(PROVIDED RECORDS Opens)
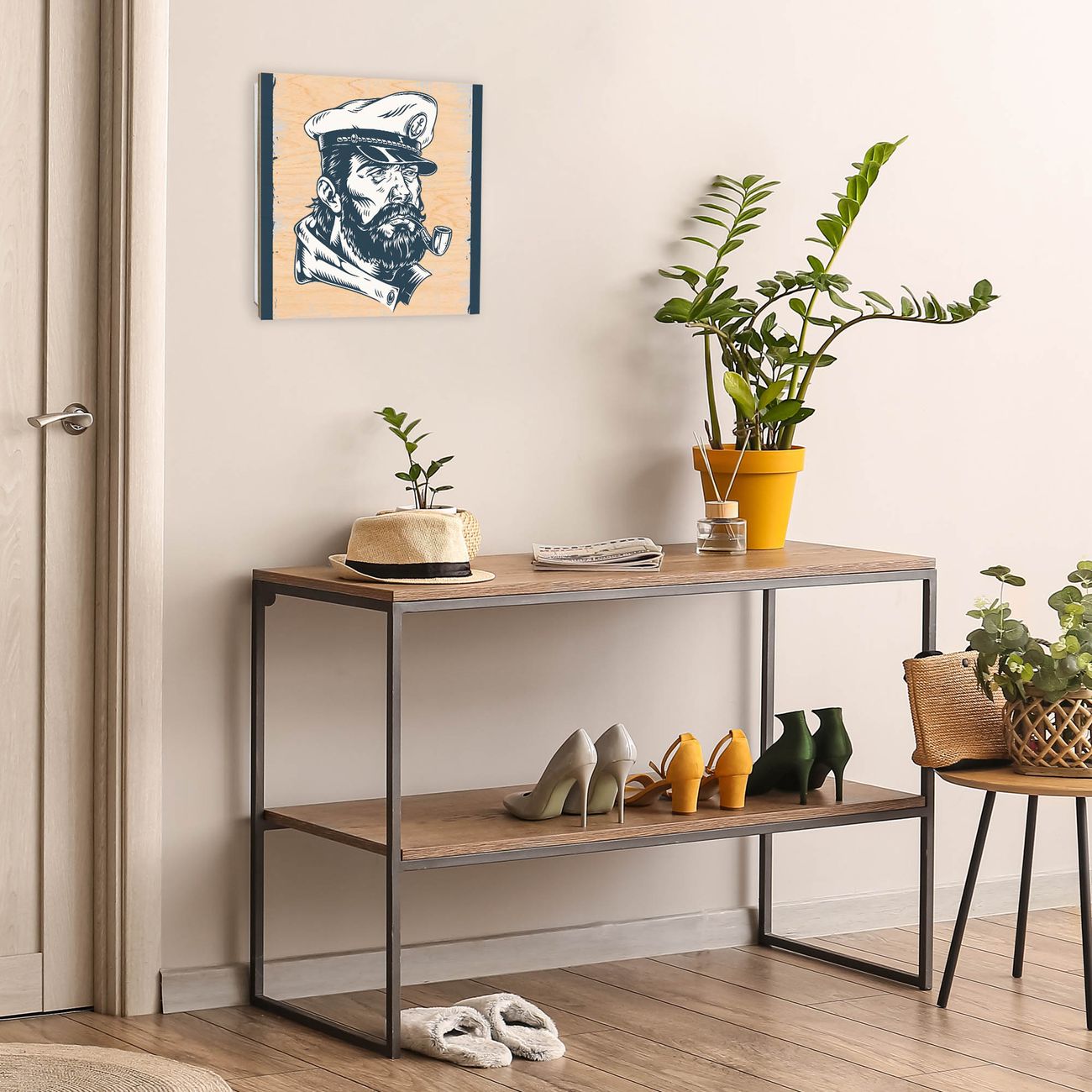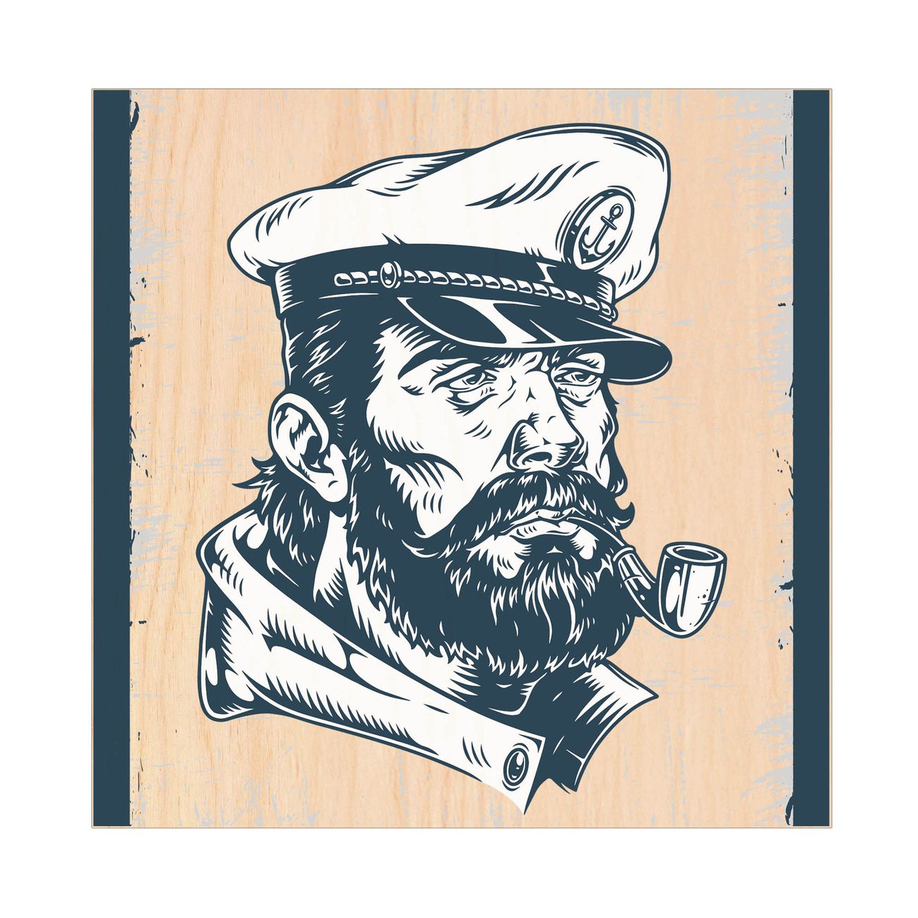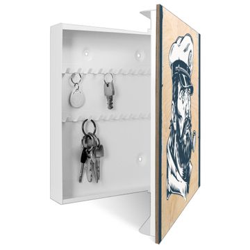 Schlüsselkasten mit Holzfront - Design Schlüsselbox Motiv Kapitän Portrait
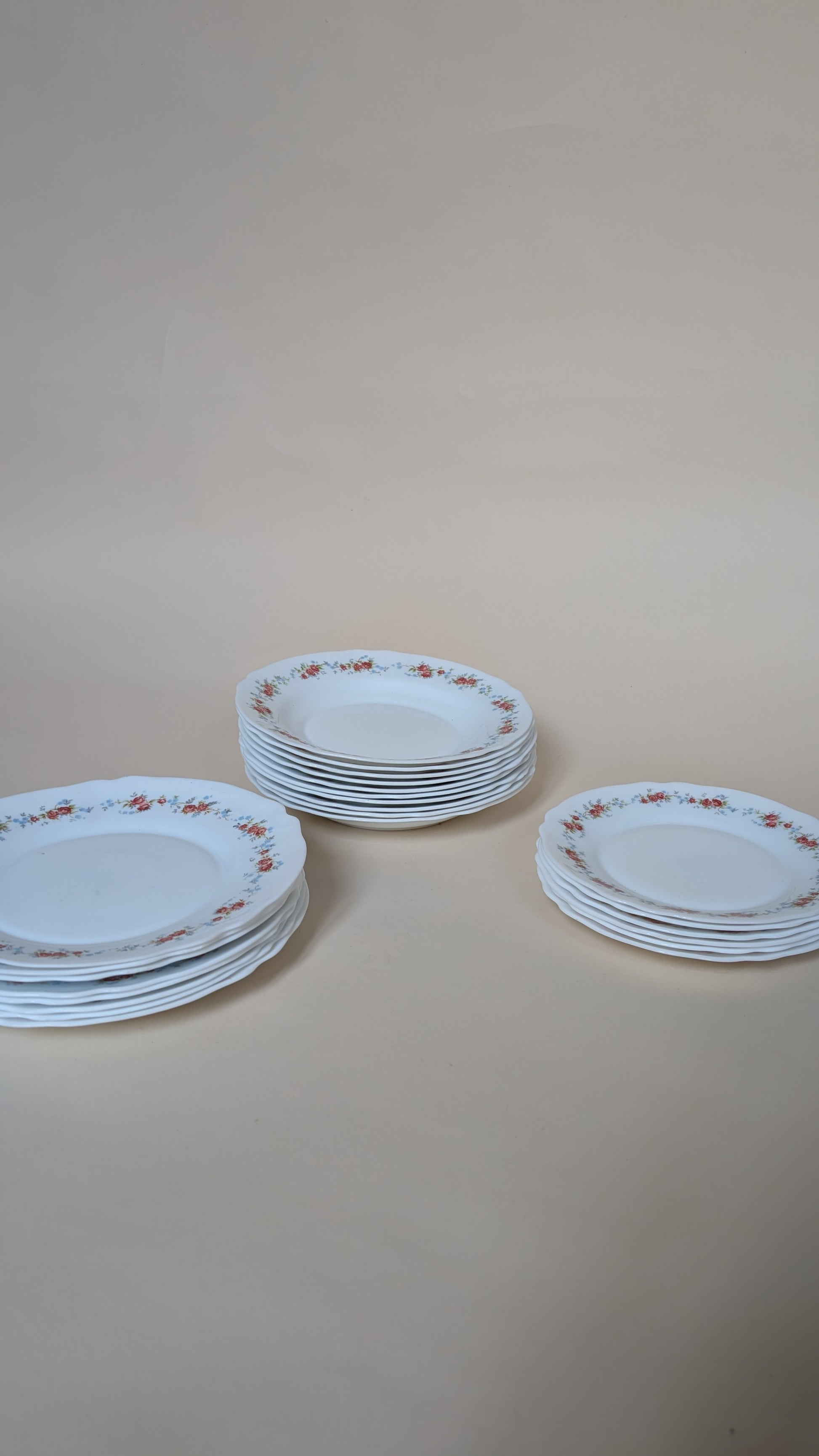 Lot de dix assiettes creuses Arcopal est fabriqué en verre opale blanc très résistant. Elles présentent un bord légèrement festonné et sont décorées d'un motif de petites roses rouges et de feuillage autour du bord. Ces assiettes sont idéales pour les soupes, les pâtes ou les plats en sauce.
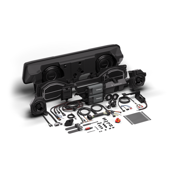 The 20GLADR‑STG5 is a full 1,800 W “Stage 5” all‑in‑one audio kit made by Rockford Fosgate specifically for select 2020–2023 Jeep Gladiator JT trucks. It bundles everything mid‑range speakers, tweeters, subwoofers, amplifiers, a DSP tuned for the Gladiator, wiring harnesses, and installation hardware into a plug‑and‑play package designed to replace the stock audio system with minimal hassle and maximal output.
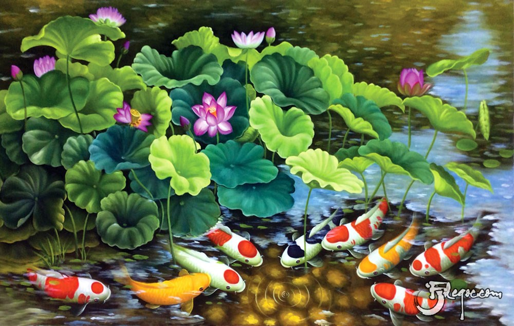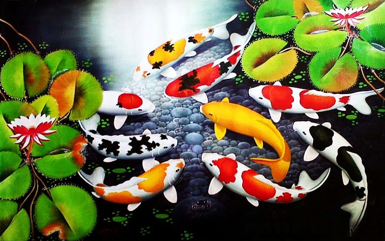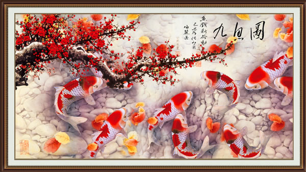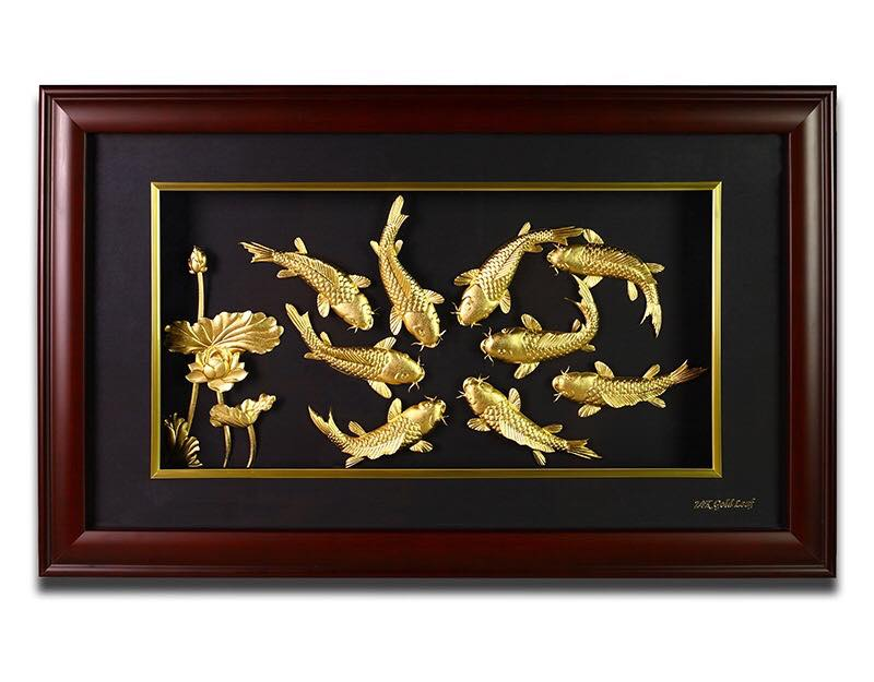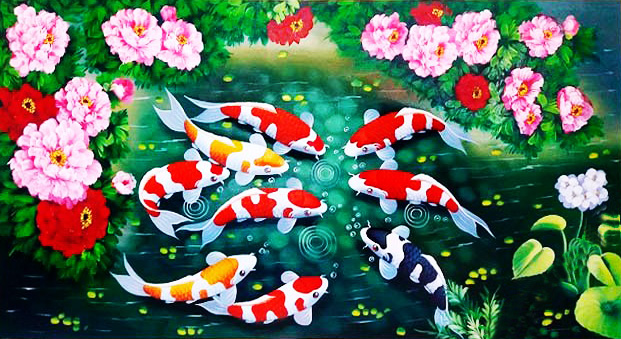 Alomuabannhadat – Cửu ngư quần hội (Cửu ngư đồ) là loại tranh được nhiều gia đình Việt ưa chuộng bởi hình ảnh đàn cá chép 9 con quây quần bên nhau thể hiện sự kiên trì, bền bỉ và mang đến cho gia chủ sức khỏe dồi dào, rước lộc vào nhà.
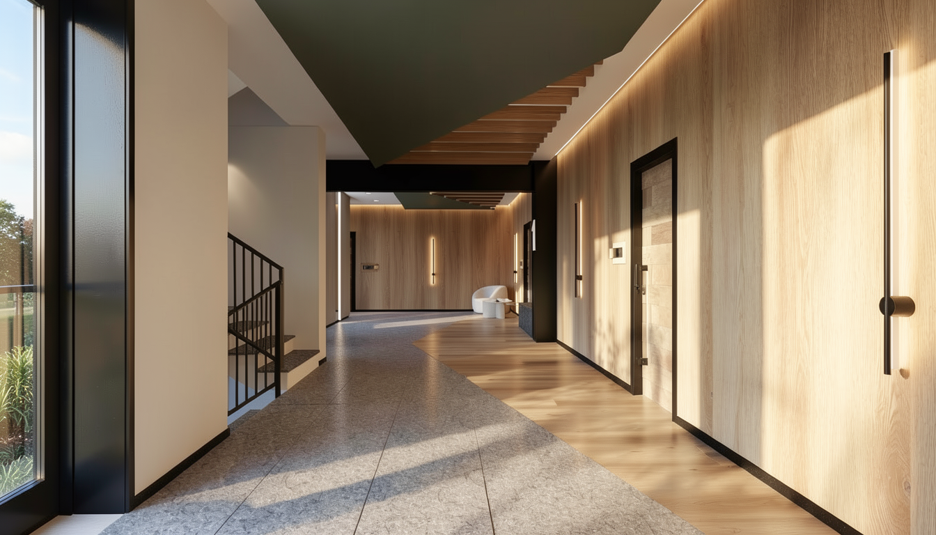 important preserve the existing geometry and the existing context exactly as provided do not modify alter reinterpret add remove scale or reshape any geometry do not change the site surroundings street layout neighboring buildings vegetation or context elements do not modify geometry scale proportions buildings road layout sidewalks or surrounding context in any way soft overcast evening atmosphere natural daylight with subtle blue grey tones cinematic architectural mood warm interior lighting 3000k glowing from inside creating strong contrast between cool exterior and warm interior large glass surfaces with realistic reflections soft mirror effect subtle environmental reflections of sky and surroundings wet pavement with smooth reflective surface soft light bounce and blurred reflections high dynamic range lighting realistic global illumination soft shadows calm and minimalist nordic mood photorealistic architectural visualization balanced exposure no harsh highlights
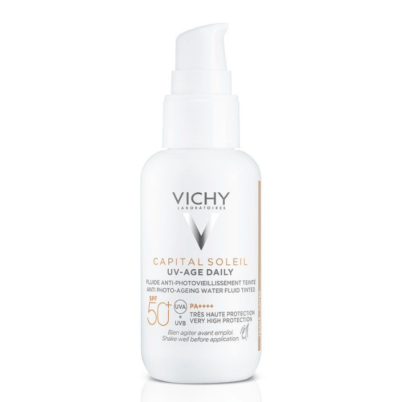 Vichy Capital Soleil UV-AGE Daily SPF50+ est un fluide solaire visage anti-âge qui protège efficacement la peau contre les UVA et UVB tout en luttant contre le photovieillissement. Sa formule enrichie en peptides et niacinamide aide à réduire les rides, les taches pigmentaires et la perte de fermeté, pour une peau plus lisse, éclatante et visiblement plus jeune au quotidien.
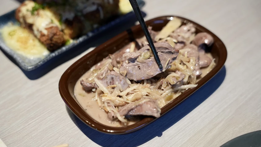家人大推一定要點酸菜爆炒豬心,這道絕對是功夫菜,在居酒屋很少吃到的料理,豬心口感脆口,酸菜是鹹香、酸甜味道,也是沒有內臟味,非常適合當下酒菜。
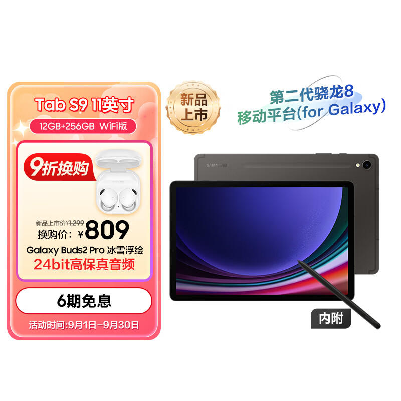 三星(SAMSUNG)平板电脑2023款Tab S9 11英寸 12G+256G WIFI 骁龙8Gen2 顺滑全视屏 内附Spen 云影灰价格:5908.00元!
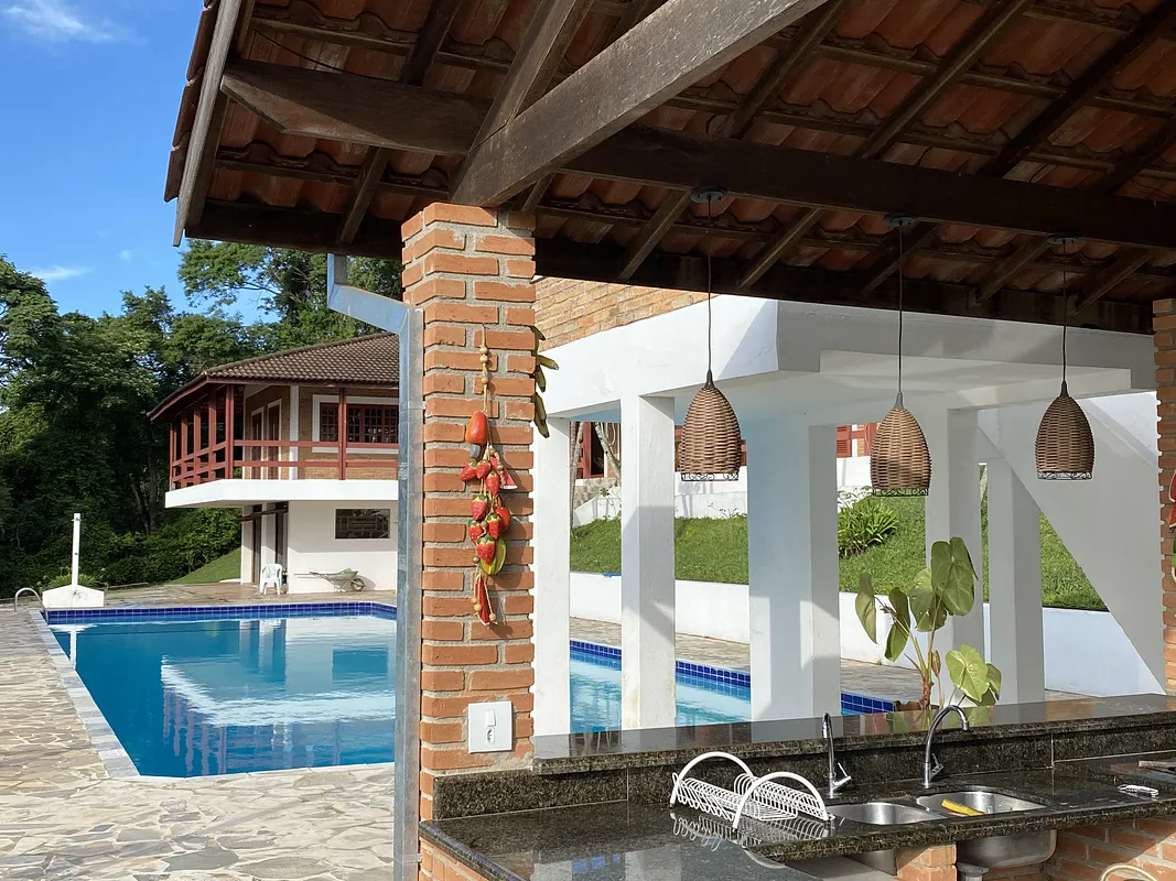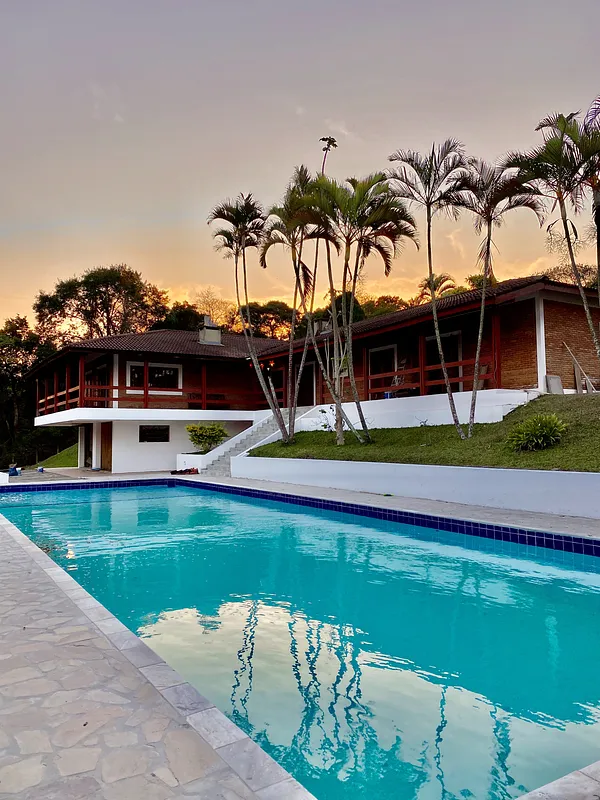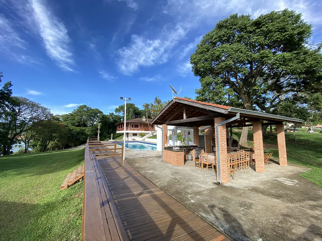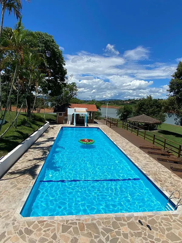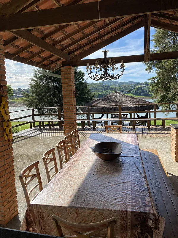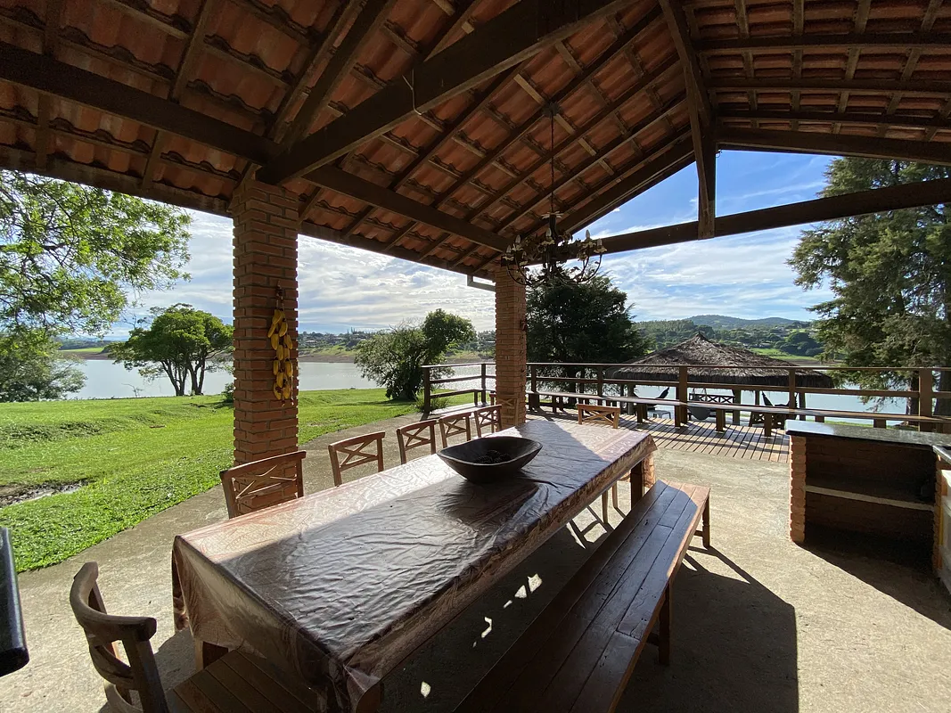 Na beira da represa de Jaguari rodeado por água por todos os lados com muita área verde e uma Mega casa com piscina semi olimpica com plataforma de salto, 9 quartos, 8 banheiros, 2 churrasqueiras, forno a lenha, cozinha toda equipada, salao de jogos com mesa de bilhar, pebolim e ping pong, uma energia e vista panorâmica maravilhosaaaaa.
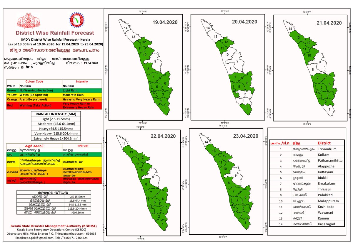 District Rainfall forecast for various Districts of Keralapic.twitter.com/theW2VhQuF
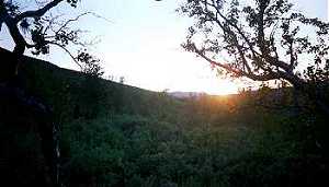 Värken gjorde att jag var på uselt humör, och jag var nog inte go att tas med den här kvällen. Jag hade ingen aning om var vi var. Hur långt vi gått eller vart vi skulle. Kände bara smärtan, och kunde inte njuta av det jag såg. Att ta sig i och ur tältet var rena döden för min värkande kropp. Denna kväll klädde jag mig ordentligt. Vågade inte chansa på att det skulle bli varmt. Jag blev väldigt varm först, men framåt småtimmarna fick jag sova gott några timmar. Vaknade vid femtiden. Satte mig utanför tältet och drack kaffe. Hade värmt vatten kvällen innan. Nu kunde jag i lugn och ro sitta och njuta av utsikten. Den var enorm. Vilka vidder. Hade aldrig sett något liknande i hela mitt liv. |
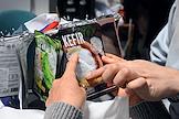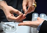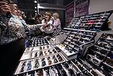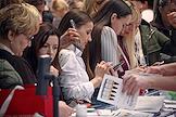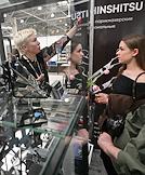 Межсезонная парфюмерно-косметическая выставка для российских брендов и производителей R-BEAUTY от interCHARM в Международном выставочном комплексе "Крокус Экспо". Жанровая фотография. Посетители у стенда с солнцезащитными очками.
(PROVIDED RECORDS Closes)
▶ [DESCRIPTION OF THE TASK]: Would you please output each record exactly, leaving the images out?

▶ [WRITTEN RESPONSE]:
 Schlüsselkasten mit Holzfront - Design Schlüsselbox Motiv Kapitän Portrait
 Lot de dix assiettes creuses Arcopal est fabriqué en verre opale blanc très résistant. Elles présentent un bord légèrement festonné et sont décorées d'un motif de petites roses rouges et de feuillage autour du bord. Ces assiettes sont idéales pour les soupes, les pâtes ou les plats en sauce.
 The 20GLADR‑STG5 is a full 1,800 W “Stage 5” all‑in‑one audio kit made by Rockford Fosgate specifically for select 2020–2023 Jeep Gladiator JT trucks. It bundles everything mid‑range speakers, tweeters, subwoofers, amplifiers, a DSP tuned for the Gladiator, wiring harnesses, and installation hardware into a plug‑and‑play package designed to replace the stock audio system with minimal hassle and maximal output.
 Alomuabannhadat – Cửu ngư quần hội (Cửu ngư đồ) là loại tranh được nhiều gia đình Việt ưa chuộng bởi hình ảnh đàn cá chép 9 con quây quần bên nhau thể hiện sự kiên trì, bền bỉ và mang đến cho gia chủ sức khỏe dồi dào, rước lộc vào nhà.
 important preserve the existing geometry and the existing context exactly as provided do not modify alter reinterpret add remove scale or reshape any geometry do not change the site surroundings street layout neighboring buildings vegetation or context elements do not modify geometry scale proportions buildings road layout sidewalks or surrounding context in any way soft overcast evening atmosphere natural daylight with subtle blue grey tones cinematic architectural mood warm interior lighting 3000k glowing from inside creating strong contrast between cool exterior and warm interior large glass surfaces with realistic reflections soft mirror effect subtle environmental reflections of sky and surroundings wet pavement with smooth reflective surface soft light bounce and blurred reflections high dynamic range lighting realistic global illumination soft shadows calm and minimalist nordic mood photorealistic architectural visualization balanced exposure no harsh highlights
 Vichy Capital Soleil UV-AGE Daily SPF50+ est un fluide solaire visage anti-âge qui protège efficacement la peau contre les UVA et UVB tout en luttant contre le photovieillissement. Sa formule enrichie en peptides et niacinamide aide à réduire les rides, les taches pigmentaires et la perte de fermeté, pour une peau plus lisse, éclatante et visiblement plus jeune au quotidien.
家人大推一定要點酸菜爆炒豬心,這道絕對是功夫菜,在居酒屋很少吃到的料理,豬心口感脆口,酸菜是鹹香、酸甜味道,也是沒有內臟味,非常適合當下酒菜。
 三星(SAMSUNG)平板电脑2023款Tab S9 11英寸 12G+256G WIFI 骁龙8Gen2 顺滑全视屏 内附Spen 云影灰价格:5908.00元!
 Na beira da represa de Jaguari rodeado por água por todos os lados com muita área verde e uma Mega casa com piscina semi olimpica com plataforma de salto, 9 quartos, 8 banheiros, 2 churrasqueiras, forno a lenha, cozinha toda equipada, salao de jogos com mesa de bilhar, pebolim e ping pong, uma energia e vista panorâmica maravilhosaaaaa.
 District Rainfall forecast for various Districts of Keralapic.twitter.com/theW2VhQuF
 Värken gjorde att jag var på uselt humör, och jag var nog inte go att tas med den här kvällen. Jag hade ingen aning om var vi var. Hur långt vi gått eller vart vi skulle. Kände bara smärtan, och kunde inte njuta av det jag såg. Att ta sig i och ur tältet var rena döden för min värkande kropp. Denna kväll klädde jag mig ordentligt. Vågade inte chansa på att det skulle bli varmt. Jag blev väldigt varm först, men framåt småtimmarna fick jag sova gott några timmar. Vaknade vid femtiden. Satte mig utanför tältet och drack kaffe. Hade värmt vatten kvällen innan. Nu kunde jag i lugn och ro sitta och njuta av utsikten. Den var enorm. Vilka vidder. Hade aldrig sett något liknande i hela mitt liv. |
 Межсезонная парфюмерно-косметическая выставка для российских брендов и производителей R-BEAUTY от interCHARM в Международном выставочном комплексе "Крокус Экспо". Жанровая фотография. Посетители у стенда с солнцезащитными очками.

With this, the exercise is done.